Global coloniality, the imperial difference, and the trajectories of the former socialist East European nations
The second lecture of this series of special lectures dedicated to Russia’s Invasion of Ukraine will address how global coloniality, a concept that in itself was a product of the end of the Cold War and the pessimism of the global left, has affected the locales that are usually left out of the most discussions of imperial-colonial relations – the Eastern European nations at the crossroads of different imperial rivalries and clashes. In particular, we will address the issue of the imperial difference that helps to better understand the Eastern European predicament. We will also touch upon the darker colonial side of the state socialist and particularly Soviet modernity with its internationalist rhetoric and colonialist logic, and the trope of recolonization presented as decolonization. Finally, we will try to make sense of the postsocialist neoliberal realities, and the ways Eastern European nations imagine their survival and refuturing.

About Madina

Madina Tlostanova is a decolonial feminist verbal artist and professor of postcolonial feminisms at the Department of Thematic Studies (Gender studies) at Linköping University, Sweden. She focuses on decolonial thought, postsocialist human condition, artivism, feminisms of the Global South, critical future studies. She has authored twelve scholarly books and 285 articles translated into several languages.
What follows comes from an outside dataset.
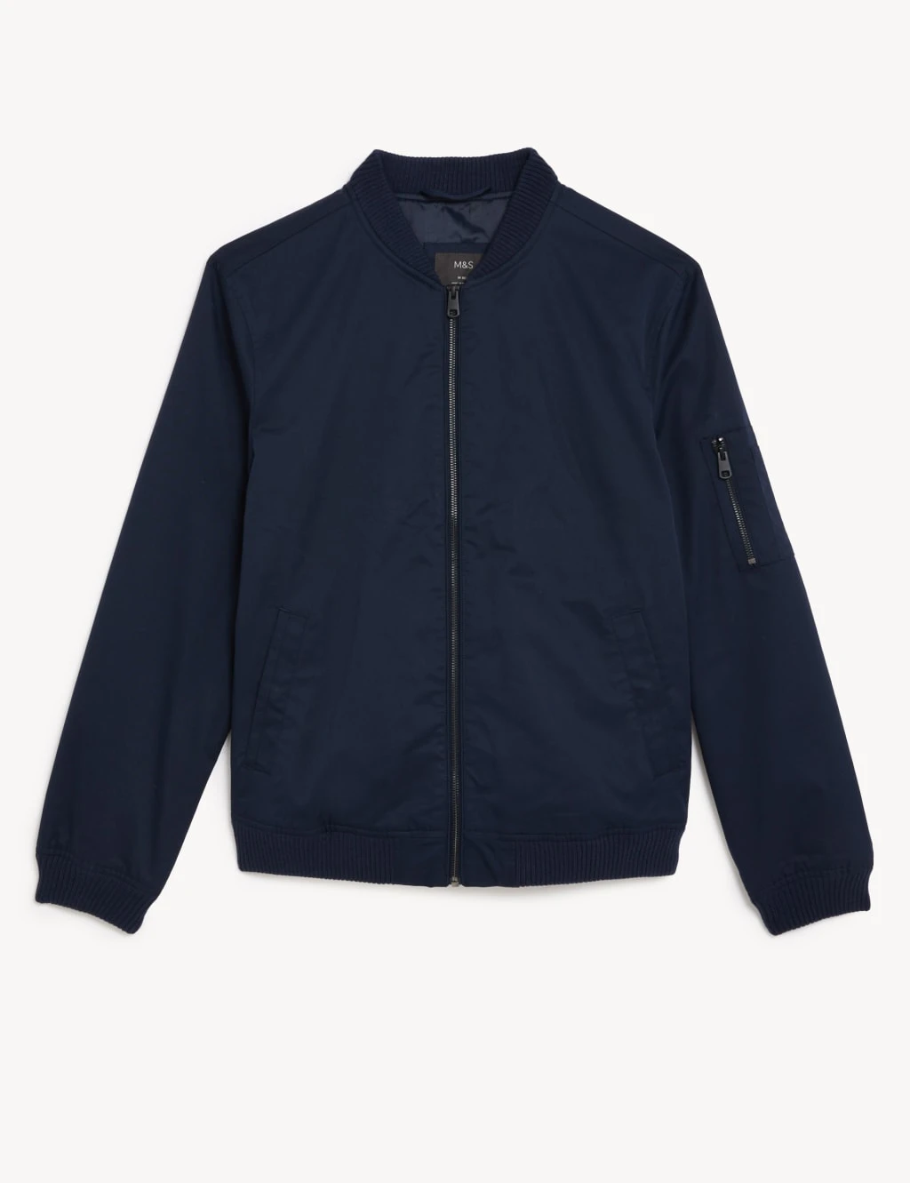 This cool cotton-rich bomber jacket will quickly become a casualwear favourite. It’s made to a comfy regular fit. The stylish sleeve zip pocket keeps your essentials safe, while the side-entry pockets are perfect for warming hands. A baseball neck gives this piece a sporty look.

Her most recent books include What Does it Mean to be Post-Soviet? Decolonial Art from the Ruins of the Soviet Empire (Duke University Press, 2018), A New Political Imagination. Making the Case (co-authored with Tony Fry Routledge, 2020), Деколониальность знания, бытия и ощущения (Decoloniality of knowledge, being and sensing). Almaty (Kazakhstan): Center of Contemporary Culture Tselinny, 2020 and a coedited volume (with Redi Koobak and Suruchi Thapar-Björkert)  Postcolonial and Postsocialist Dialogues. Intersections, Opacities, Challenges in Feminist Theorizing and Practice. Routledge, 2021.